• [WHAT YOU SHOULD DO]: For the string "from", state how many lines of the data hold it. Give nothing besides the number.

• [RECORDS]:

○ ○ ○

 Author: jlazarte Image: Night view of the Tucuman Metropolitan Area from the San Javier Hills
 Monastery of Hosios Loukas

○ ○ ○

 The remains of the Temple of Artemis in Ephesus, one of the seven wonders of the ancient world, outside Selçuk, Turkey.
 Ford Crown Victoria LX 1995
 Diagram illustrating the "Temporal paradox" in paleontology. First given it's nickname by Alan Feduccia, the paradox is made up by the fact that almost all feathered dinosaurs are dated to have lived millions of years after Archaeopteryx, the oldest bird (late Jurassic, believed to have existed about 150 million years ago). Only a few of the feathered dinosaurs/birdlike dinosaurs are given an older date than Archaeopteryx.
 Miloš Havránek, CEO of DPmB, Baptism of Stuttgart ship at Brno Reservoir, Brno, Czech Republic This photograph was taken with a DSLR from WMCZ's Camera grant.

○ ○ ○

• [TASK ANSWER]: 2